[Stored records]
__________________________________________________
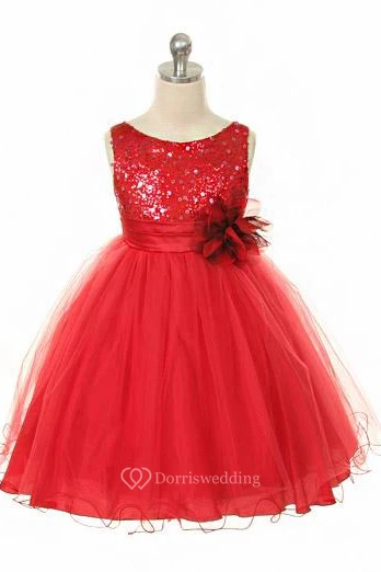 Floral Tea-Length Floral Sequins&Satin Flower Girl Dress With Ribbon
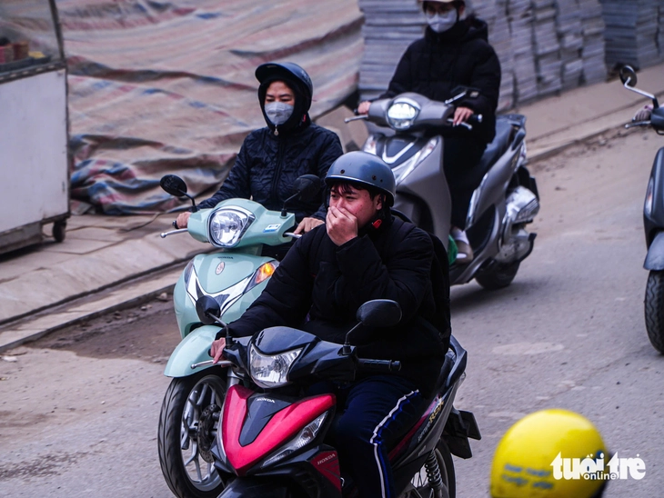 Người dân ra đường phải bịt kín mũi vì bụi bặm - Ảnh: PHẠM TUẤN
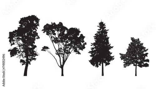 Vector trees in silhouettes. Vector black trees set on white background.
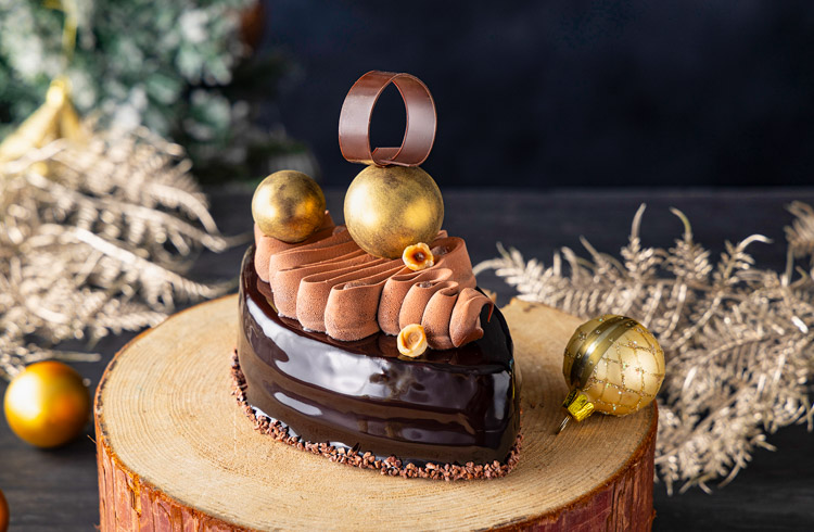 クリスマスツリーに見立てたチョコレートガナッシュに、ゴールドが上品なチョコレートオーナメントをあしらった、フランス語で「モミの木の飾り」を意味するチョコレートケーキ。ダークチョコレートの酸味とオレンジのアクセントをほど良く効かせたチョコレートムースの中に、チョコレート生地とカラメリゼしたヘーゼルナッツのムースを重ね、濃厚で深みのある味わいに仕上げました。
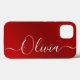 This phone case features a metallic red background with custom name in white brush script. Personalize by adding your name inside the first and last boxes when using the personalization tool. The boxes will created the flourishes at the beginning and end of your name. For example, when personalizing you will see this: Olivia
__________________________________________________
## WORK REQUIRED
Would you set down every line of the data above exactly, skipping the pictures?

## TASK SOLUTION
 Floral Tea-Length Floral Sequins&Satin Flower Girl Dress With Ribbon
 Người dân ra đường phải bịt kín mũi vì bụi bặm - Ảnh: PHẠM TUẤN
 Vector trees in silhouettes. Vector black trees set on white background.
 クリスマスツリーに見立てたチョコレートガナッシュに、ゴールドが上品なチョコレートオーナメントをあしらった、フランス語で「モミの木の飾り」を意味するチョコレートケーキ。ダークチョコレートの酸味とオレンジのアクセントをほど良く効かせたチョコレートムースの中に、チョコレート生地とカラメリゼしたヘーゼルナッツのムースを重ね、濃厚で深みのある味わいに仕上げました。
 This phone case features a metallic red background with custom name in white brush script. Personalize by adding your name inside the first and last boxes when using the personalization tool. The boxes will created the flourishes at the beginning and end of your name. For example, when personalizing you will see this: Olivia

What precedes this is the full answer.